Stax – Page 11 – Multiple Sclerosis & Me

Catalyst Sports

This is the name of the organisation that is “dedicated to providing adaptive adventure opportunities to anyone with a physical disability“. The Atlanta chapter provides cycling and climbing opportunities and I have been rock climbing with them every Wednesday night. It’s adaptive climbing so they strap me into a pulley system to assist me while I go up the wall and, while a “regular folk” person would normally only need one person to belay (the spotter, if you will, for someone who is climbing), I require 2 – 1 belayer and 1 person working the pulley. Dom has been taking me and he’s observed that they are not working as hard as they did that first day…I’m not convinced. They also have a piece of equipment called the Wellman (system?) that is like a chair (also fitted into a pulley) that someone can sit in and pull themselves up to the top of a wall. The system hangs freely from the top of a wall (it’s not against it) because I suspect that it’s what someone with no or limited lower body strength can use to go up. It doesn’t require actual climbing, u use ur upper body to pull up to “climb” to the top. I’ve used it a couple of times too and I think that I’ll alternate between it and actually climbing the wall weekly. Additionally, one week Huck climbed with me – he was my going to be my “left side” if you will. We got real close real fast…lol. Turned out that he was more than my left side but it worked out very well and we had a great time that night.

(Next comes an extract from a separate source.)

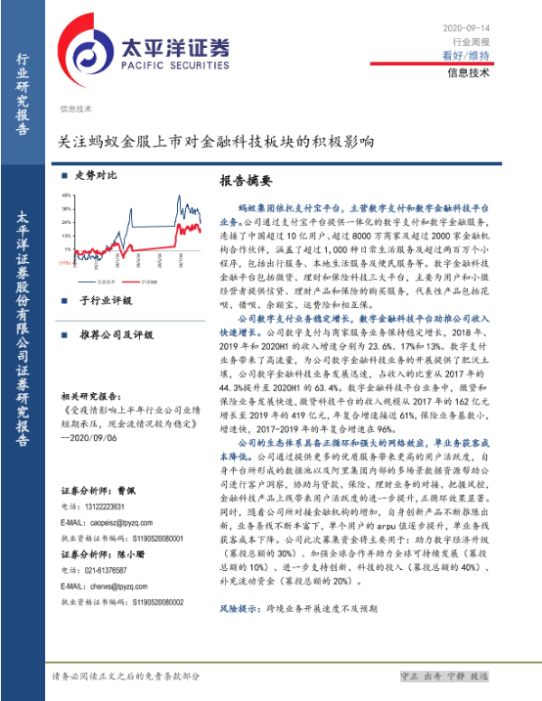 【太平洋证券】【20200914】信息技术行业周报:关注蚂蚁金服上市对金融科技板块的积极影响-13页

you know I have my spiel to explain my issues and I’ve gone consistently enough that the volunteers who are have been there weekly know what I have going on. The first time I used the Wellman, Huck asked me if I wanted to use a strap for my left hand that essentially keeps it in place around the bar that I had to grip to pull myself up (u’d think that because it curls up, it would do so around the bar eh? no that would be too logical…it’ll curl up tight and probably end up on top the bar rendering it just useless). It was very overwhelming for me because I thought, “shit…they have thought of everyfrigginthing!” and I remember blurting out how happy I was that they were in my life…smh. I don’t know who started Catalyst Sports, but boy am I glad they did and I am exteremely grateful for the volunteers who are there every Wednesday night without fail and who are willing to put up with me and my curling left hand, my stubborn left leg and my consistent cussing. My hero days are but a distant memory but when I’m climbing on my own and trying to get the hand or foot to a grip in the wall expletives tend to fly out my mouth. I always have to remind myself that I have limitations and may not be able to do whatever like regular folk, so I need to adjust because generally I don’t remember and that’s when shit starts flying 🙂

anyhoo, enjoy some more pictures…

Grit and determination going up on the Wellman

See the that black thing to the right of my face? that’s the strap around my left hand

Allyuh hold it dong till next time – ah gone so!

Today, we just jibbin…

last week was a blur. I was out of town and the US actually had a holiday so it was a short week. I blinked and it was over.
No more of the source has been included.